Citing spiraling costs, the City Council voted Friday to all but kill the planned 14-mile monorail project by denying street-use permits for it. Then, with just minutes to go before the deadline for submitting initiatives for the Nov. 8 ballot, the city's monorail authority approved a new measure asking voters to approve a scaled-back, 10-mile plan.

"It's time for the people to decide whether they want to save the people's train," said Kristina Hill, a defiant board chair of the quasi-public Seattle Popular Monorail Authority.

The authority acted after the nine-member City Council, following the wishes of Seattle Mayor Greg Nickels, voted unanimously to deny needed permits.

Members said they did so because of huge cost overruns in the projected cost of the line, slated to run from north Seattle, along Elliott Bay, just past the landmark Space Needle, through downtown, past the city's football and baseball stadiums, and over the bridge into the city's West Seattle neighborhood.

"It was a great dream, but the facts are in, and it's time to stop the squandering of millions on pie-in-the-sky projections," said Councilman Richard McIver. "It's over."

Not quite.

As Seattle Weekly Editor Knute Berger put it: Nickels "didn't kill the project, but he put a pillow over its face." Voters, Berger added, will decide whether to "finish the job."

With swallows-to-Capistrano regularity, the monorail idea has gotten public backing here, then been bogged down in squabbles over just how much it would cost and who should pay for it.

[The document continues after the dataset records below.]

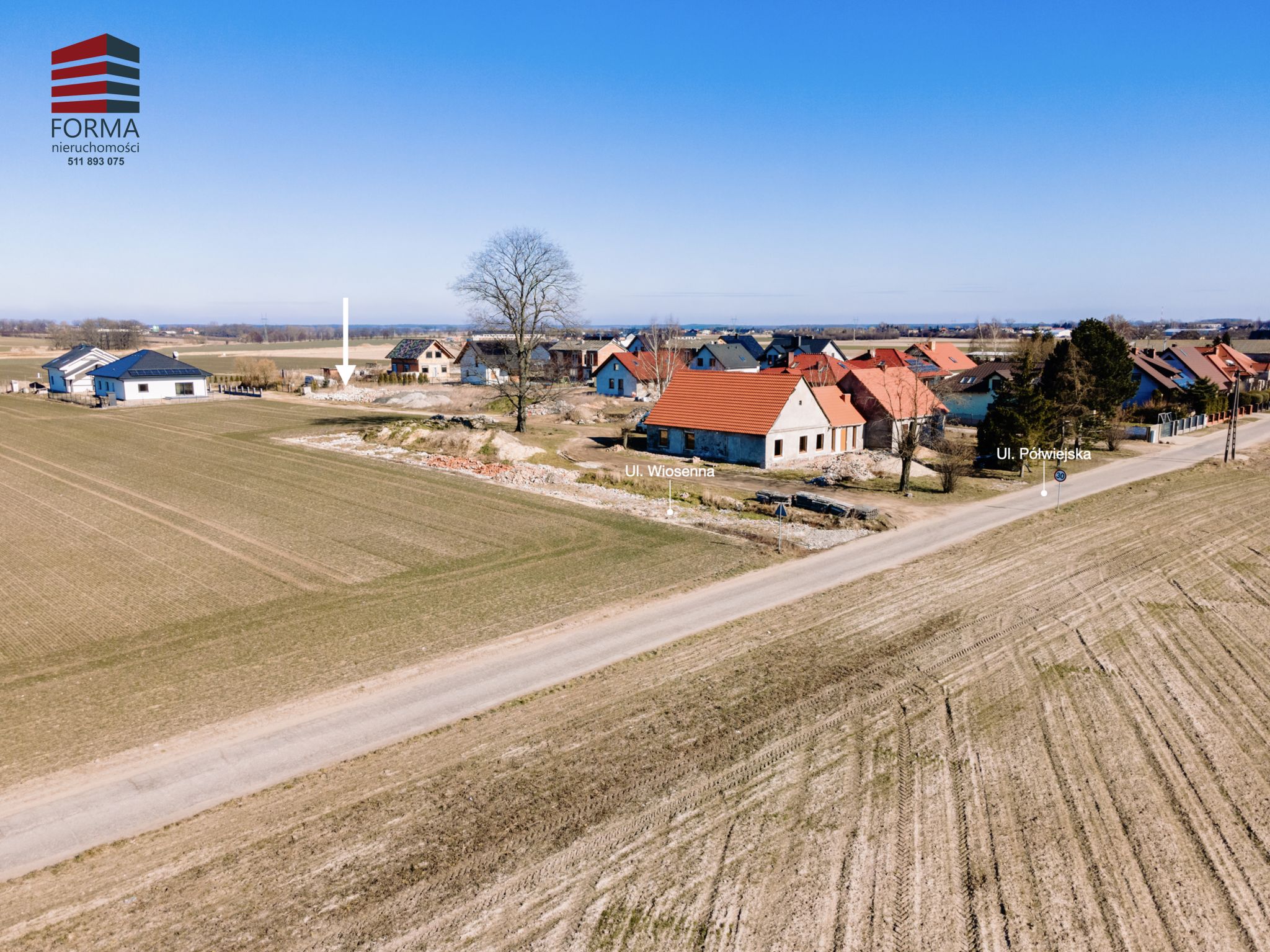 zjazd z ul. Półwiejskiej ( pełniącej funkcje drogi publicznej – gminnej ) poprzez drogę wewnętrzną ul Wiosenna działka prywatna nr 2/36 ( w cenie służebność przejazdu i przechodu)
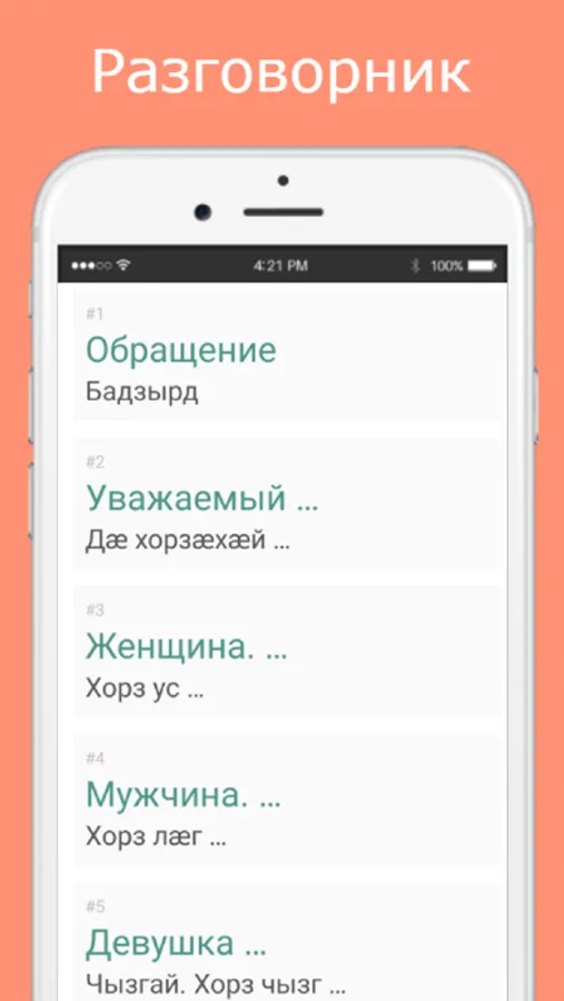 Русско-осетинский разговорник можно использовать соответственно, как разговорник, так и инструмент для изучения осетинского языка. Все осетинские слова написаны русскими буквами и разбиты на 10 логических тем, то есть разговорник рассчитан на русскоговорящего пользователя (туриста).
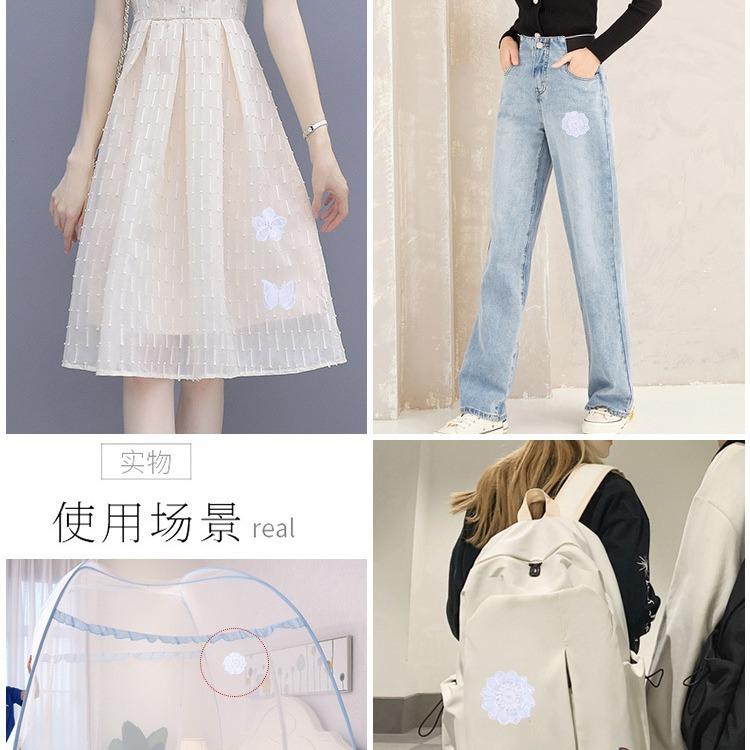 Белая наклейка с цветком на ткань, самоклеящаяся одежда без швов, дырок и следов, субсидия на ремонт брюк с москитной сеткой, наклейка с вышивкой
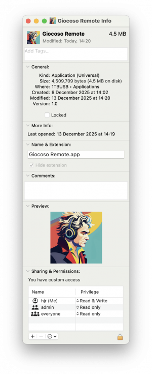 These URLs are obviously version-dependent and the versions shown are only correct at the time of writing (December 2025). Check the Macports website for the actual versions current at the time you want to install. There are versions available for macOS releases earlier than Sierra, but installing Giocoso on such ancient operating systems is definitely not supported at all, so be my guest but you're on your own for them!
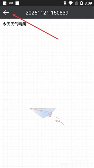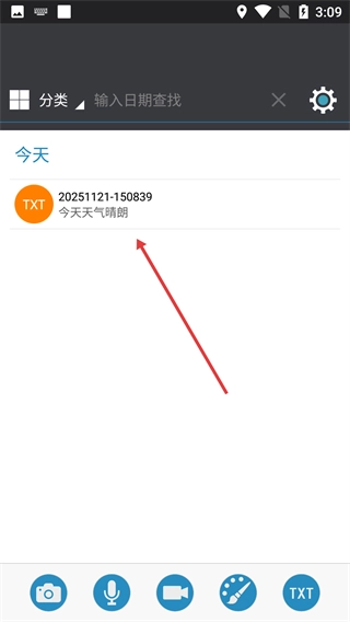 4、在主页面能够查看已保存的文字记录,例如“20251121-150839 今天天气晴朗”这样的内容。
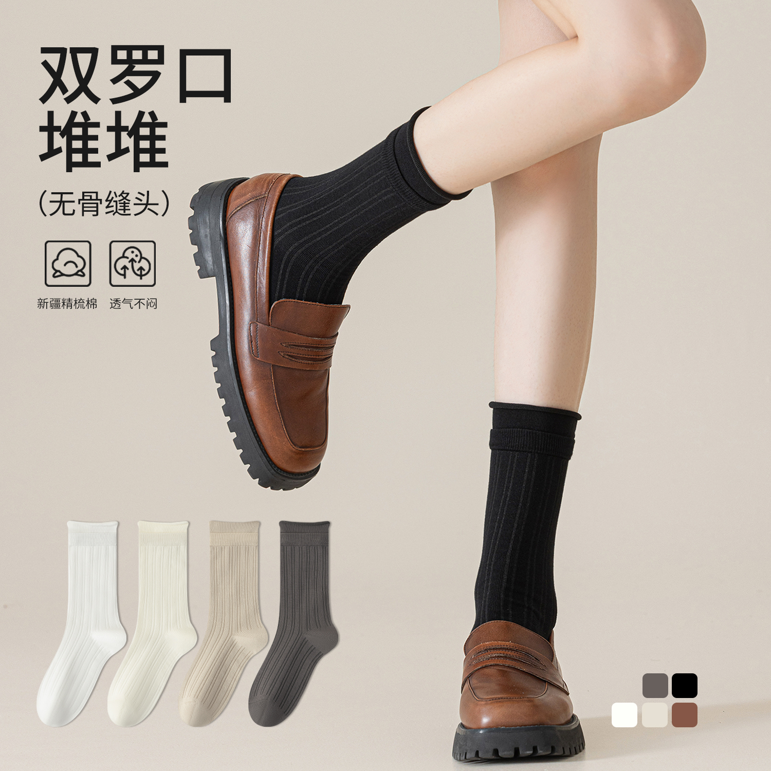 美拉德袜子女春秋款 秋冬女士无骨长筒堆堆袜 中筒袜纯棉搭配勃肯鞋

The monorail proposals call for expanding the existing 1.2-mile line that runs from downtown to the Space Needle, which was a futuristic hit when it was built for the 1962 World's Fair. While the line is still a popular tourist attraction, no one considers it a major solution to the city's growing traffic congestion.

In an effort to create a transit alternative, voters in 1997 approved exploring creation of a 40-mile citywide monorail system; in 2000 they voted to accelerate planning efforts.